9. A method for predicting marine multi-scale environmental situation based on graph neural networks according to claim 5, characterized in that, The physical prior bias term is a function of arrival probability, arrival time, downstream consistency coefficient, and path cost, and satisfies the following: the physical prior bias term increases when the arrival probability increases, the physical prior bias term decreases when the arrival time increases, and the physical prior bias term decreases when the path cost increases; the physical prior bias term includes a term that takes the logarithm of the arrival probability and / or a term that exponentially decays the arrival time, and the physical prior bias term is truncated or normalized to limit its numerical range.
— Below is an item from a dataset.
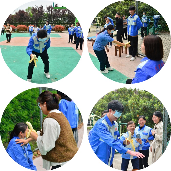 不远处传来的笑声,把我们吸引到了“蒙眼喂食”的现场。“一圈,两圈,三圈,准备,开始!”蒙眼的家人无惧天旋地转,拿着香蕉,即刻出发。看那儿!俭廉支部的乔利雪“两眼摸黑”找队友,从最东边摸至最西边,历经“千辛万苦”总算顺利“投喂”。另一边忠实支部的李桃更是“找不着北”,与其他选手背道而驰,拿着香蕉直奔栏杆,让队友差点“笑弯了腰”。

10. A method for predicting marine multi-scale environmental situation based on graph neural networks according to claim 6, characterized in that, When performing aggregation calculations on fine-scale edge weights that have the same source coarse-scale nodes and the same target coarse-scale nodes, a weighted summation or weighted mean with arrival probabilities as weights is used. Furthermore, the minimum or weighted average of the fine-scale arrival time is used as part of the coarse-scale edge features to generate the coarse-scale directed causal mask.